| What this task involves |
Retype the material that follows exactly, limited to the lines from the one with "Ptaszki - łosoś" through the one with "研究者對這些木薯粉和小麥粉的", and keep out all pictures.

| Records to process |
↓↓↓

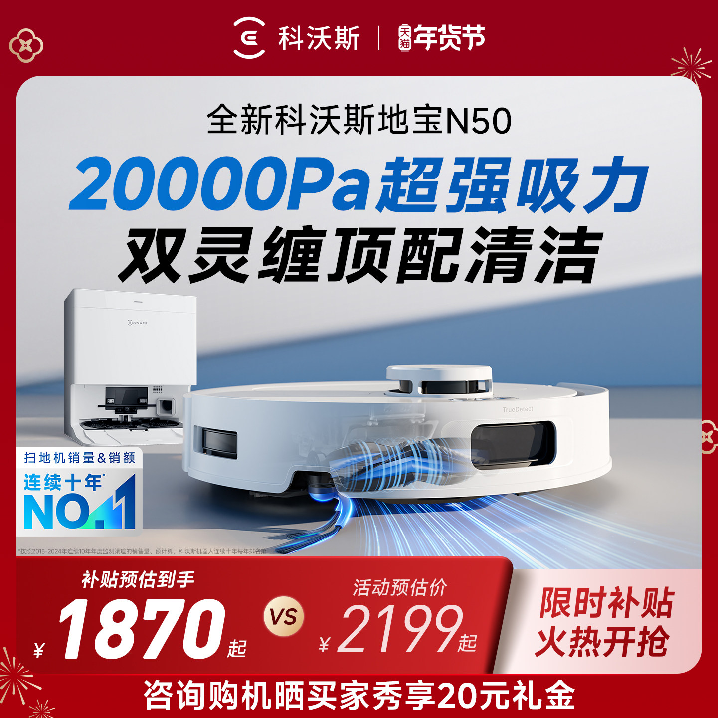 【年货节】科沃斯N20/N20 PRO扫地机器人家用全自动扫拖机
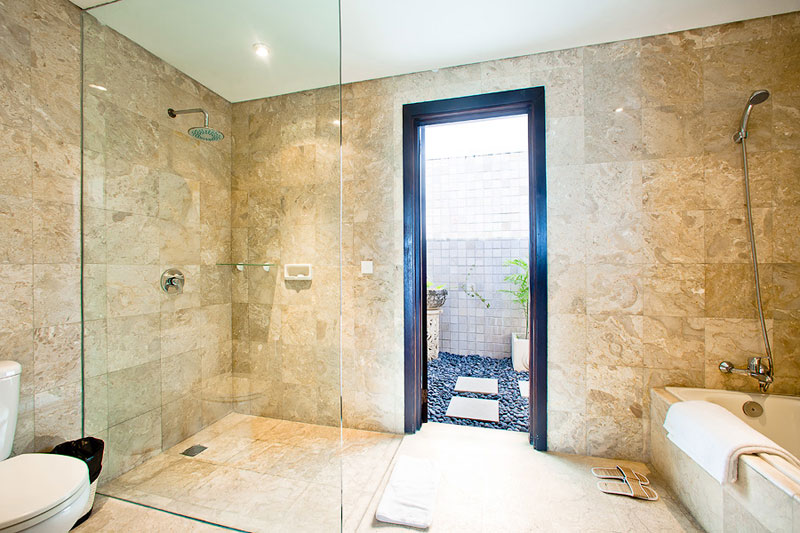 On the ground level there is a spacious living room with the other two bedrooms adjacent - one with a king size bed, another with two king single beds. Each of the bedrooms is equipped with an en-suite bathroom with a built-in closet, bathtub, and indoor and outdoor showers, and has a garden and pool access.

↑↑↑
↓↓↓

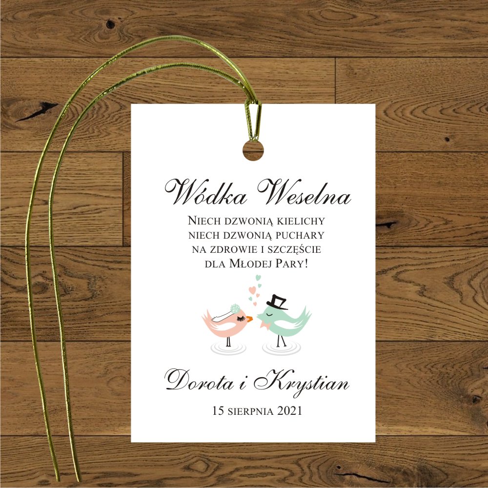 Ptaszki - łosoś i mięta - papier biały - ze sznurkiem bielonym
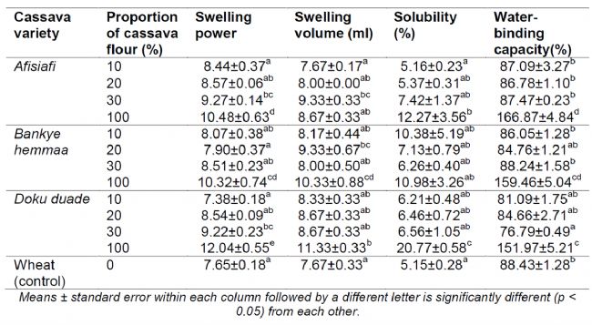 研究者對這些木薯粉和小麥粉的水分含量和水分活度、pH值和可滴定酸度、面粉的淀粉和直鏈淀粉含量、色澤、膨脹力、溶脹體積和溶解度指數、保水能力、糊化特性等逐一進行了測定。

↑↑↑

| Answer section |
 Ptaszki - łosoś i mięta - papier biały - ze sznurkiem bielonym
 研究者對這些木薯粉和小麥粉的水分含量和水分活度、pH值和可滴定酸度、面粉的淀粉和直鏈淀粉含量、色澤、膨脹力、溶脹體積和溶解度指數、保水能力、糊化特性等逐一進行了測定。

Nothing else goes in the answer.